AMD Vega 10, Vega 11, Vega 12 and Vega 20 Rumors and Discussion

D

Deleted member 13524

Guest
According to videocardz and fudzilla, Vega 10 will do 12 TFLOPs FP32 and 24 TFLOPs FP16, with a 512GB/s memory bandwidth. This means:

- 64 CUs at 1.5 GHz
- 2x FP16 rate per ALU
- 2 stacks of 2GT/s HBM2
- 225W TDP
- H1 2017 (probably Q2..)

They also claim it comes with 16GB of HBM2. This wouldn't be possible with Hynix's current portfolio because they only have 4-Hi stacks with 4GB.
Videocardz claims these specs are coming from server leaks, so maybe the consumer version will use Hynix's current products for 8GB cards and the server versions will use yet-to-enter-production 8-Hi stacks. Though since that would require a physically higher stack they would need to at least change the heatsink's surface, I guess..?

These clocks seem very conservative. Again, these are server chips but if the consumer cards are clocked up to 1.2GHz then I would expect a 250W TDP or more. Ignore this. I miscalculated.

They also mention a Radeon Pro Duo replacement with 2* Vega 10 at 300W TDP coming up H2 2017.

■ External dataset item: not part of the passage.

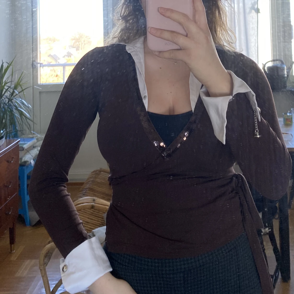 Classy fin blus, vintage. Tyvärr är den (som syns) för liten för mig, storlek 36/38, rekommenderar om man har lite mindre byst. Den så cool, ledsen att den inte passar mig 🥲 toppen skick också, så gott som oanvänd.

At the same time, they claim Vega 11 will replace Polaris 10. AMD has suggested there will be a RX 48x so maybe we're looking at that GPU. Maybe the same 36 CUs with updated GFX9 architecture and HBM memory? Maybe 1.5GHz too like the bigger brother. Or more CUs with lower clocks to lower power consumption even more?



Lastly, there is also a Vega 20 that we haven't heard of, which is probably coming in 2018 or later, because it's using GF's 7nm. It comes with the same number of CUs as Vega 10, same "GFX 9" ISA, but now with 1TB/s bandwidth, so 4 HBM2 stacks.
I take it that with the number of CUs and graphics architecture being equal, the clocks should be considerably higher in 7nm. Perhaps GF's 7nm will bring even higher clocks the clocks that 14FF couldn't reach. The TBP for Vega 20 is 150W and it'll bring PCI Express 4.0 support, meaning the card could work without and PCIe power cables.

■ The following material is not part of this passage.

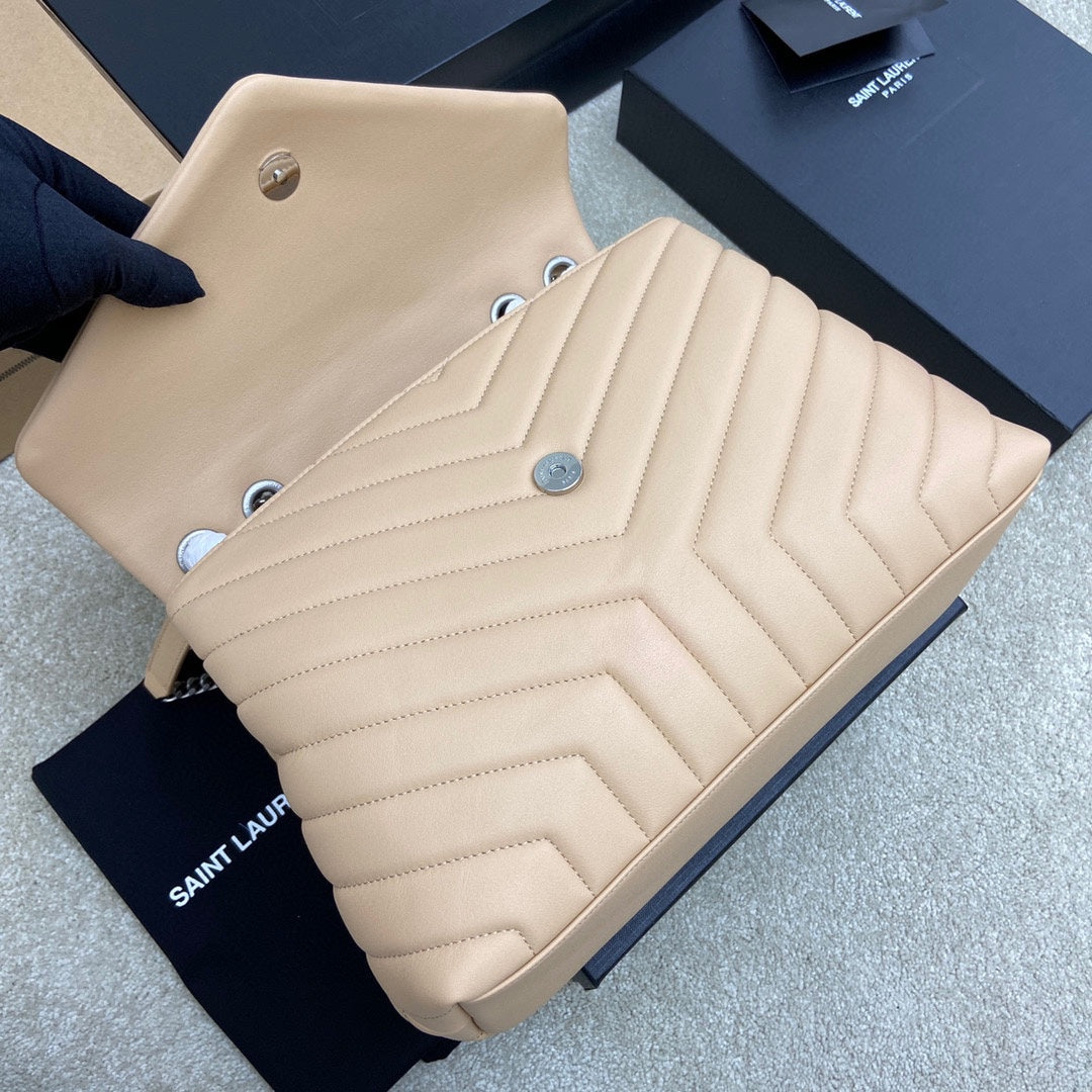 LOULOU MEDIUM 32 CREAM QUILTED LEATHER SILVER HARDWARE

EDIT: Derp brainfart. 12TFLOPs FP32 with 64CUs would need 1.5GHz, unless GCN goes through major changes, like 96 ALUs for each CU.
 
Last edited by a moderator:
That's not the interesting thing from that article.

The piece that's perhaps most relevant to Project Scorpio.



That should indicate at least some significant change between Vega and Polaris. Otherwise AMD would just continue to use Polaris 10 in that market segment as they have done for the past few generations. For example, R9 290 and R9 390 use the same GPU.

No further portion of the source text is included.